• _Task requirements_:
Shown below are entries with pictures; the line with "Skład Komisji Oceny" through the line with "Cinq apôtres reçoivent" is the span to retype exactly, and the pictures stay out.

Stored items
_ _ _ _ _
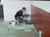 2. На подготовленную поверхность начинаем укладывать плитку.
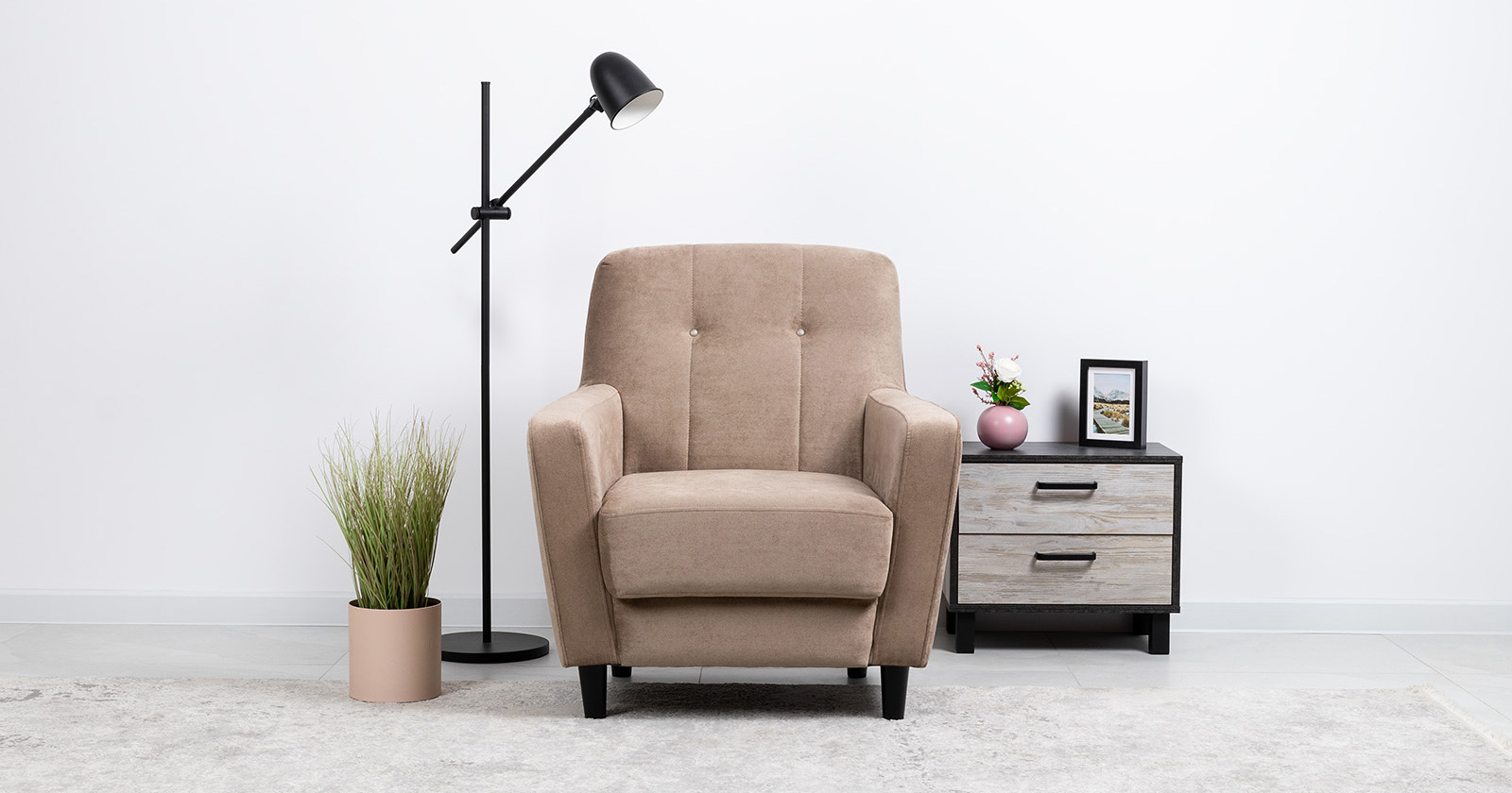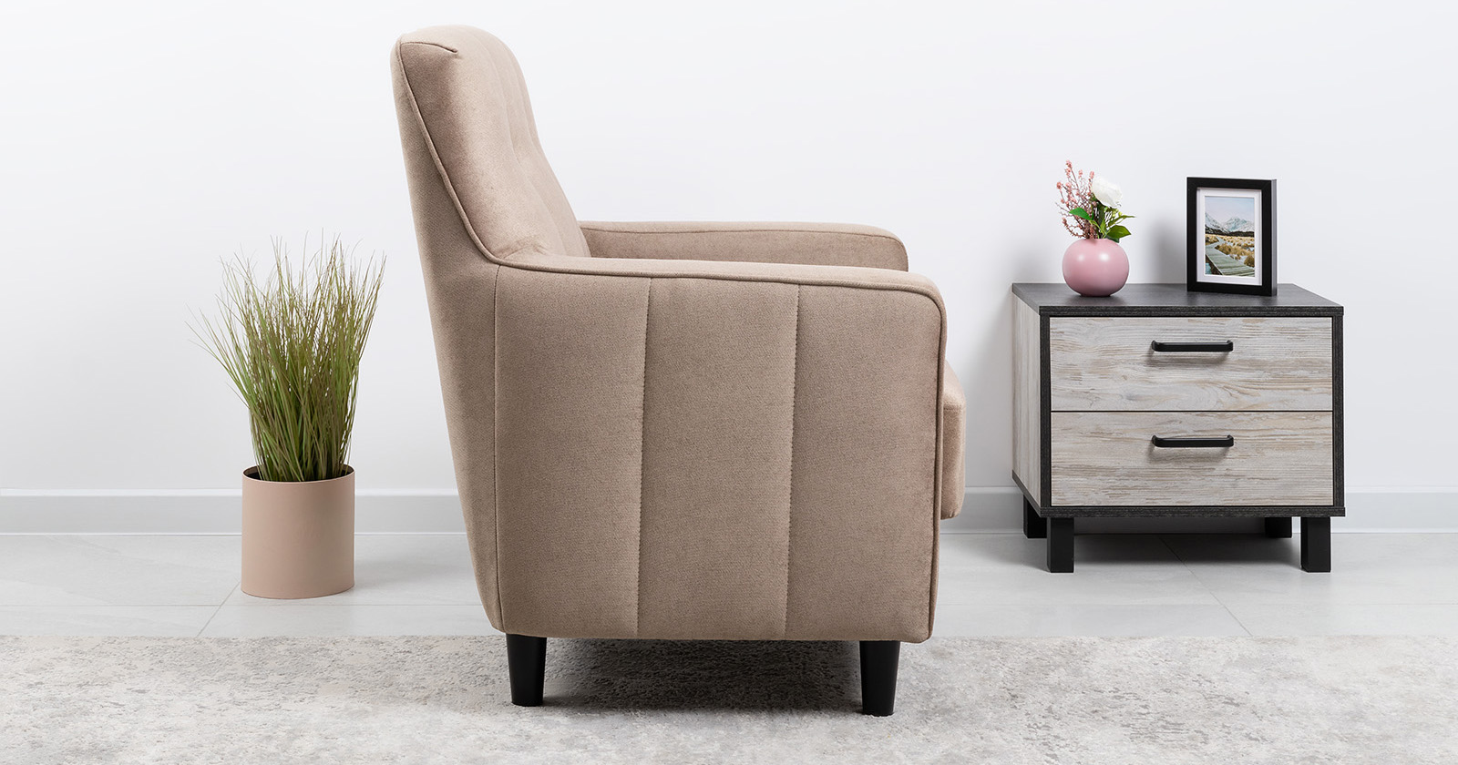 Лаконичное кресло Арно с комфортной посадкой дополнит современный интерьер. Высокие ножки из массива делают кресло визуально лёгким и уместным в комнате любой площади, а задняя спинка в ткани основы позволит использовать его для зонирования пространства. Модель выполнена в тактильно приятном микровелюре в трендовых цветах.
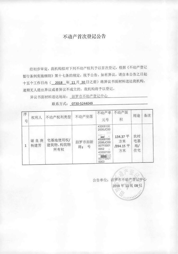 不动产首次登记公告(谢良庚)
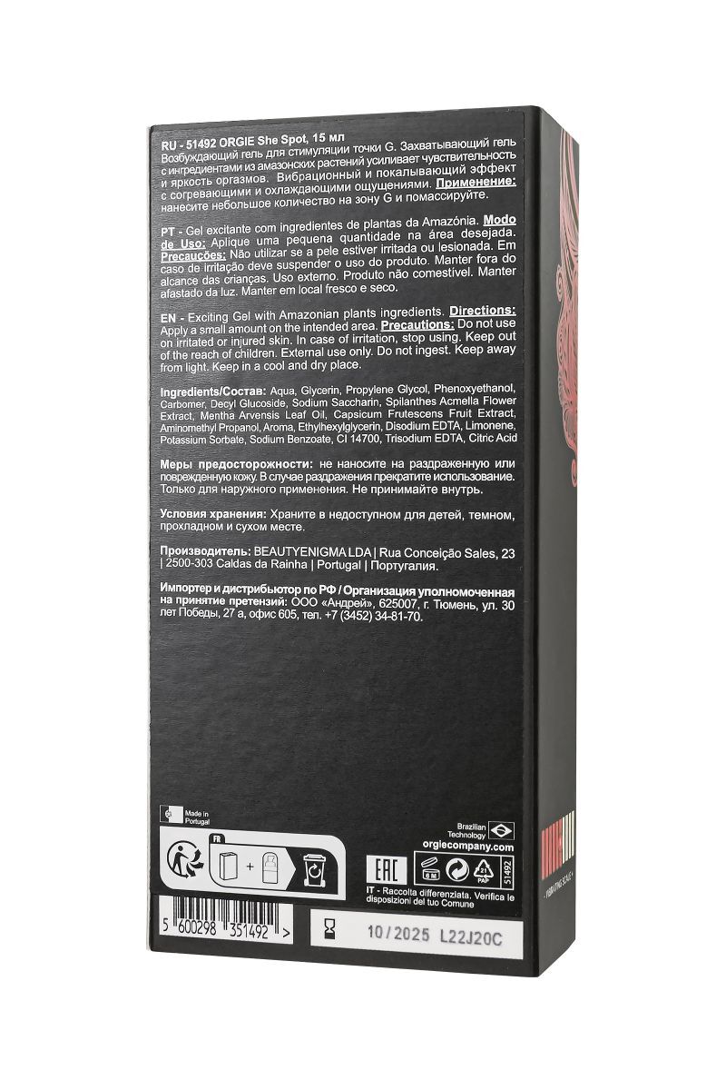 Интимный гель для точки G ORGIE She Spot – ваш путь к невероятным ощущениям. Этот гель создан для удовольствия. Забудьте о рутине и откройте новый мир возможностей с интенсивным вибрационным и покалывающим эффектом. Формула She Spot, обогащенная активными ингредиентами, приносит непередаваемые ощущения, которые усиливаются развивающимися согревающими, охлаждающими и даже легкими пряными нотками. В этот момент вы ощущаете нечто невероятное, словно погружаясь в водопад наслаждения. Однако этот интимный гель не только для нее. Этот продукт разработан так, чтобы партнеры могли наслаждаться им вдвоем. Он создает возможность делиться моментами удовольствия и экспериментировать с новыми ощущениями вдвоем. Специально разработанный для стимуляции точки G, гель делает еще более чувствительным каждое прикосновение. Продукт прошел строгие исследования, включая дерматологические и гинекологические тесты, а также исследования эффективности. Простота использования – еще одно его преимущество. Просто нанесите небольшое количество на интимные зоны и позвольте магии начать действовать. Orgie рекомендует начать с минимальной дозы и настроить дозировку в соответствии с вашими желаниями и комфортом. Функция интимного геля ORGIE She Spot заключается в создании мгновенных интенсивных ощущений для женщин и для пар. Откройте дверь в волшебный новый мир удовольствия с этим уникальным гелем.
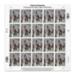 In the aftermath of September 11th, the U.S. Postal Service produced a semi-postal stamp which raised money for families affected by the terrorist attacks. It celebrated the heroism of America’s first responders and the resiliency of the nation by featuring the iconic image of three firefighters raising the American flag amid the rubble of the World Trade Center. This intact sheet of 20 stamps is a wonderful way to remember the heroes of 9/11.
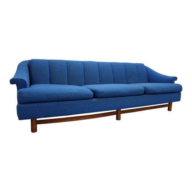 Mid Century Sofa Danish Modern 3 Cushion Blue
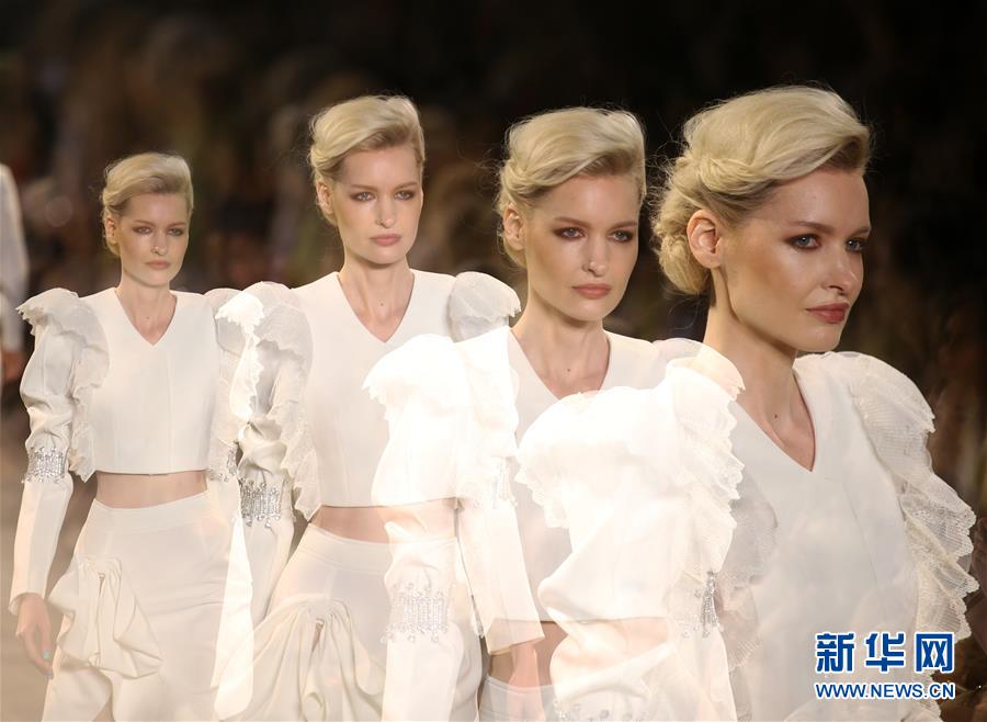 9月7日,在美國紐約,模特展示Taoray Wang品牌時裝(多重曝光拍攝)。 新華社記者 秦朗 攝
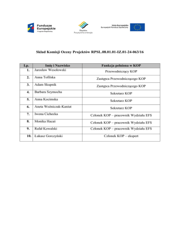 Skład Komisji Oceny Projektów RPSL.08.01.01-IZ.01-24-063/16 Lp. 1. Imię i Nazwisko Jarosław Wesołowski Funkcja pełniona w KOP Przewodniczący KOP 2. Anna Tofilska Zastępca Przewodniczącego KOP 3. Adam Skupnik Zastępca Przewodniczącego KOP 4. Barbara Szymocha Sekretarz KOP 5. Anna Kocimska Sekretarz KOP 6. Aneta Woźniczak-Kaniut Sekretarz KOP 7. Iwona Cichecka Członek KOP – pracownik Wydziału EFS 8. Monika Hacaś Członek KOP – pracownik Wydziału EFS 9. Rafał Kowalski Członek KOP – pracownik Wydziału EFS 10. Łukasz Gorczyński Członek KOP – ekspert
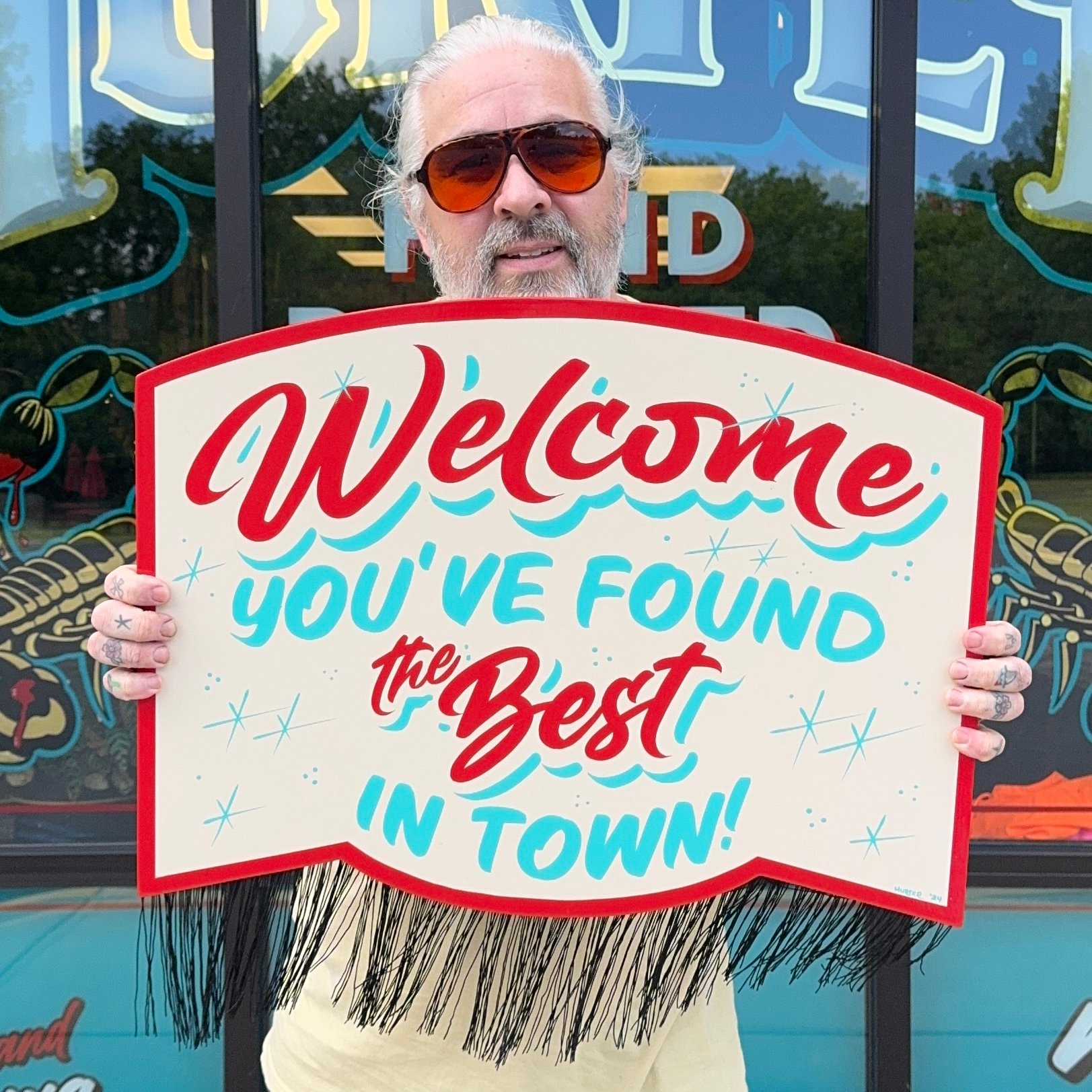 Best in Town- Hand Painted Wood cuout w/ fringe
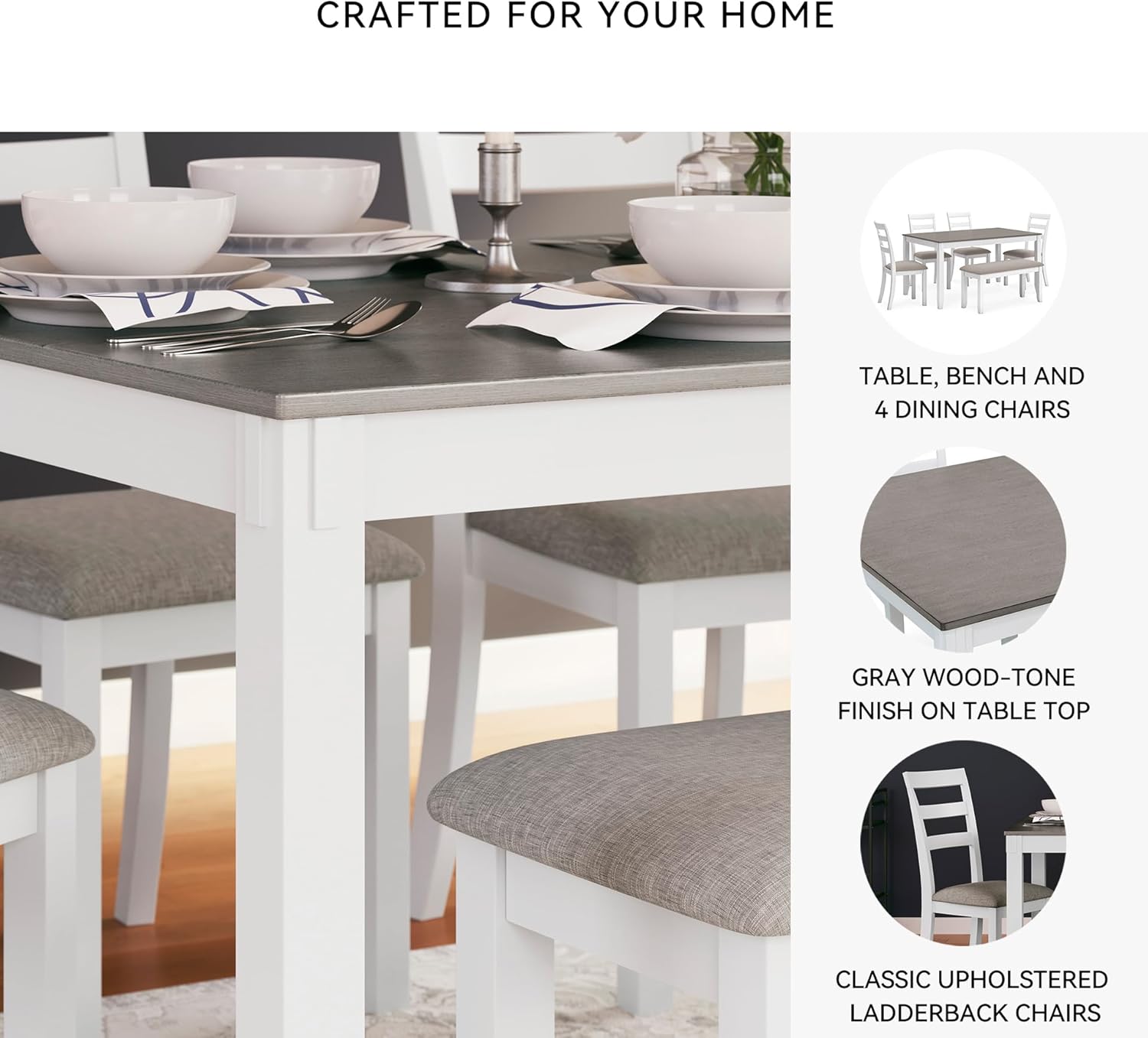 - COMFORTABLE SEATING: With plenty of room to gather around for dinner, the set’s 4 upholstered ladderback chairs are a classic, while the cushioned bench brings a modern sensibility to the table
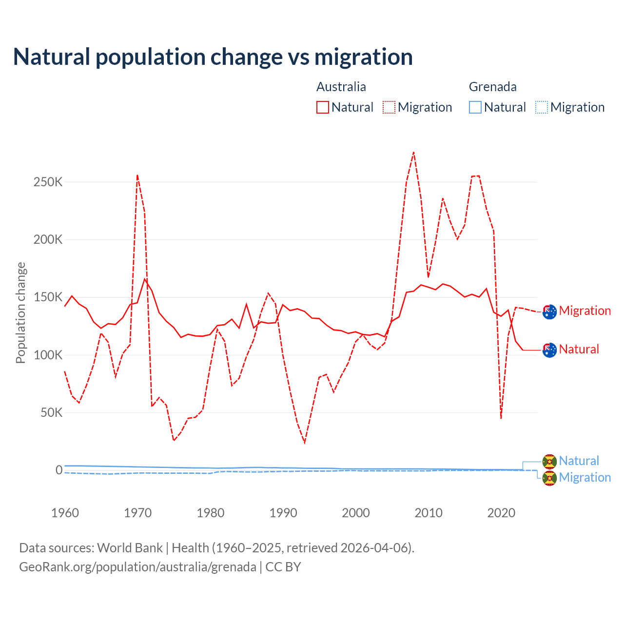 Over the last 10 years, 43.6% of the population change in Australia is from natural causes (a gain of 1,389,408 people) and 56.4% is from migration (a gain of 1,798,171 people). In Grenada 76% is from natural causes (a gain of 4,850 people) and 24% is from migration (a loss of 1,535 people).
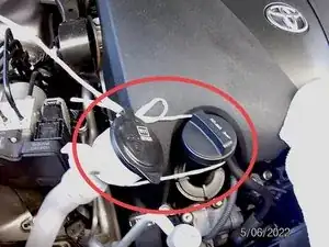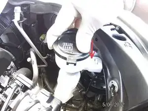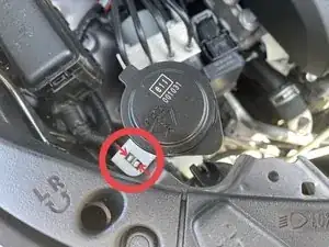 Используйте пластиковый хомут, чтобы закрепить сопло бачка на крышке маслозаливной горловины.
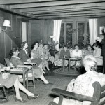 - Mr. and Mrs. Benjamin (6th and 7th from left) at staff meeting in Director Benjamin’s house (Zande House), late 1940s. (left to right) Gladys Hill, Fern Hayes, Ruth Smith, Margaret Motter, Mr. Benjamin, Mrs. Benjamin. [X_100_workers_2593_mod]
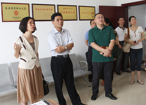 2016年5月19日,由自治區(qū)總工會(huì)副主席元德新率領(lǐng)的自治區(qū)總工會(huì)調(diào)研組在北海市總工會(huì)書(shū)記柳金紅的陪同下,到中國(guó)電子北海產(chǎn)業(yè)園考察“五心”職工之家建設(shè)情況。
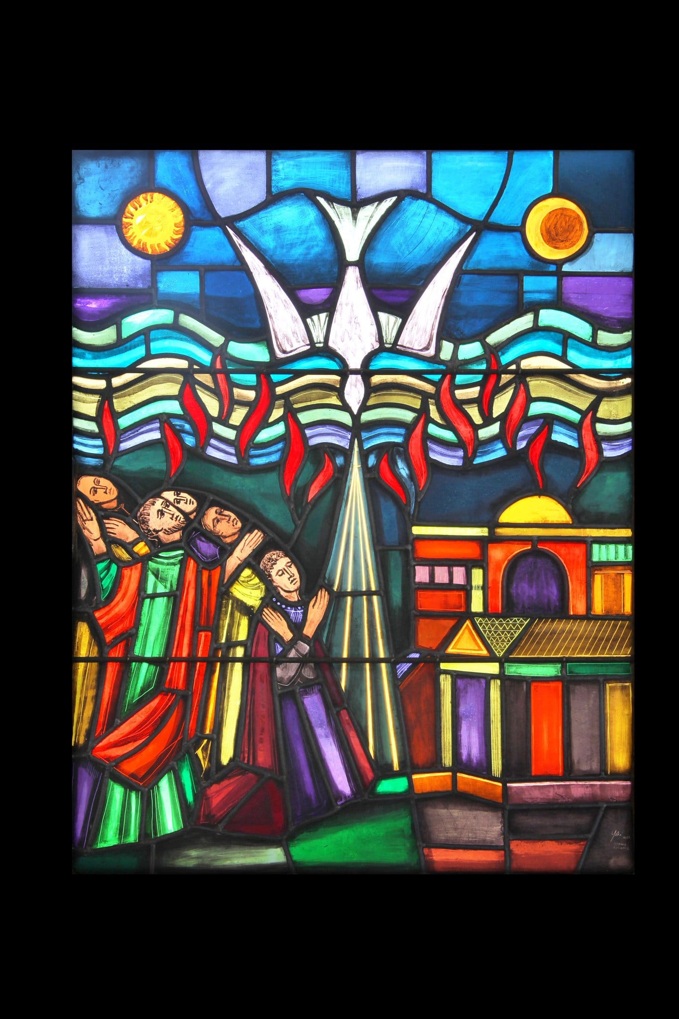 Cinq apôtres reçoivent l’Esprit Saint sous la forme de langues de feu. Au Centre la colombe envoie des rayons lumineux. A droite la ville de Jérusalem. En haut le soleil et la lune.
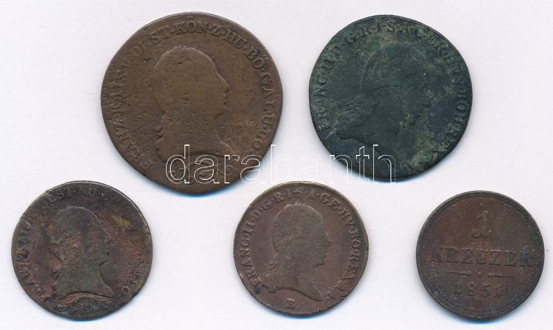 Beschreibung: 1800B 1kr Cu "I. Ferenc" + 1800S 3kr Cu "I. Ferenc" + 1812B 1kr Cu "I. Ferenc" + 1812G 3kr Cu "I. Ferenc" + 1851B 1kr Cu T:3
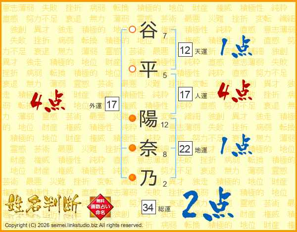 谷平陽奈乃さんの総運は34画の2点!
_ _ _ _ _
• _Result of the exercise_:
 Skład Komisji Oceny Projektów RPSL.08.01.01-IZ.01-24-063/16 Lp. 1. Imię i Nazwisko Jarosław Wesołowski Funkcja pełniona w KOP Przewodniczący KOP 2. Anna Tofilska Zastępca Przewodniczącego KOP 3. Adam Skupnik Zastępca Przewodniczącego KOP 4. Barbara Szymocha Sekretarz KOP 5. Anna Kocimska Sekretarz KOP 6. Aneta Woźniczak-Kaniut Sekretarz KOP 7. Iwona Cichecka Członek KOP – pracownik Wydziału EFS 8. Monika Hacaś Członek KOP – pracownik Wydziału EFS 9. Rafał Kowalski Członek KOP – pracownik Wydziału EFS 10. Łukasz Gorczyński Członek KOP – ekspert
 Best in Town- Hand Painted Wood cuout w/ fringe
 - COMFORTABLE SEATING: With plenty of room to gather around for dinner, the set’s 4 upholstered ladderback chairs are a classic, while the cushioned bench brings a modern sensibility to the table
 Over the last 10 years, 43.6% of the population change in Australia is from natural causes (a gain of 1,389,408 people) and 56.4% is from migration (a gain of 1,798,171 people). In Grenada 76% is from natural causes (a gain of 4,850 people) and 24% is from migration (a loss of 1,535 people).
 Используйте пластиковый хомут, чтобы закрепить сопло бачка на крышке маслозаливной горловины.
 - Mr. and Mrs. Benjamin (6th and 7th from left) at staff meeting in Director Benjamin’s house (Zande House), late 1940s. (left to right) Gladys Hill, Fern Hayes, Ruth Smith, Margaret Motter, Mr. Benjamin, Mrs. Benjamin. [X_100_workers_2593_mod]
 2016年5月19日,由自治區(qū)總工會(huì)副主席元德新率領(lǐng)的自治區(qū)總工會(huì)調(diào)研組在北海市總工會(huì)書(shū)記柳金紅的陪同下,到中國(guó)電子北海產(chǎn)業(yè)園考察“五心”職工之家建設(shè)情況。
 Cinq apôtres reçoivent l’Esprit Saint sous la forme de langues de feu. Au Centre la colombe envoie des rayons lumineux. A droite la ville de Jérusalem. En haut le soleil et la lune.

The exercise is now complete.